President Gordon B. Hinckley of the Church of Jesus Christ of Latter-day Saints has a thing for history. It has been that way his entire life and especially since becoming church president more than 11 years ago.
Nearly 96 (his birthday is June 23) and on the mend from colon cancer surgery in January, he continues to energize Mormon faithful in the quest to learn more about their history. On Sunday he make a quick trip to Iowa City, Iowa to put an exclamation point to a festival honoring the 150th anniversary of the handcart pioneers.
In June 1856 the first of 10 companies of handcarts left Iowa City for the 1,300 mile trek to the Salt Lake Valley. They were mostly poor immigrants from Europe. They had already journeyed by boat and rail to get to Iowa City and did not have the money to buy and outfit a wagon and team of oxen.
President Hinckley read extensively from the accounts of survivors of the ill-fated Willie and Martin handcart companies. They got a late start in the fall of 1859 and ran into a blizzard in Wyoming. Before a rescue party from Salt Lake could reach them, 220 died. President Hinckley said, “A century and a half of history is now behind us. The Church has reached maturity. There are some twelve million of us a great family scattered through some 160 nations. We have become a power for good in the world. But we must ever look back to those who paid so terrible a price in laying the foundations of this great latter-day work.”
The speech in Iowa City was just the latest in a long line of events, construction and restoration projects President Hinckley has initiated all emphasizing history. He oversaw the push to turn Nauvoo into the “Williamsburg of the Midwest”. The pinnacle of that project was the rebuilding of the Nauvoo temple an icon of Mormonism abandoned during a forced exodus to the west. The temple was eventually destroyed by fire and a tornado.

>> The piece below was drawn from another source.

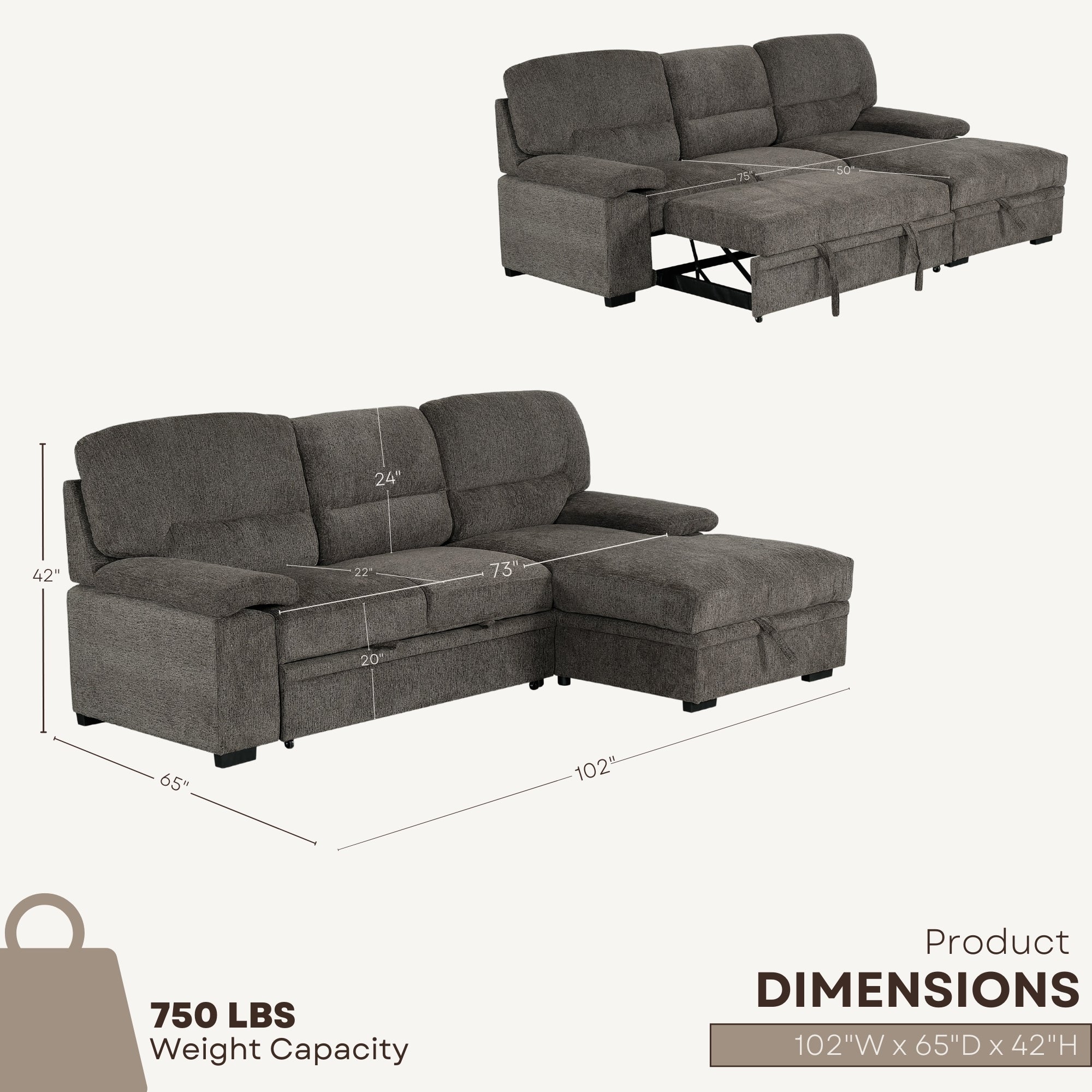 Versatility meets comfort with the Danilo Sleeper Sectional. Perfect for sleepovers, movie nights, or hosting guests, the Danilo features an easy-to-access pull-out bed that ensures everyone sleeps comfortably. The spacious chaise includes built-in storage, ideal for tucking away blankets, pillows, or any essentials. Designed for relaxation, its spring-supported seating combined with soft fabric and plush foam cushions provide all the comfort you need. Supported by a sturdy solid wood and plywood frame, the Danilo promises lasting durability and strength, making it a stylish and functional centerpiece for your living space.

Other projects include a village in Kirtland, Ohio centered on the Newell K. Whitney store and a working replica of a sawmill. He has also expanded the Church’s presence in Palmyra, New York the birthplace of Mormonism. A temple was built there as well as in Winter Quarters, Nebraska. And last year President Hinckley presided over the bicentennial of the birth of church founder Joseph Smith. He even braved the cold of a Vermont December to be at the birth site on the day of his birth.
All this is more than just scholarly curiosity, for him it’s about promoting the faith. He sees church history sites as places of pilgrimage for the faithful. What’s more, he sees the potential of using them to spread the message beyond the current church membership.
Volunteer missionaries who are ready to inform and proselytize man all sites. Bringing to life the history of the LDS Church has been a hallmark of his Presidency and is sure to be a big part of his legacy.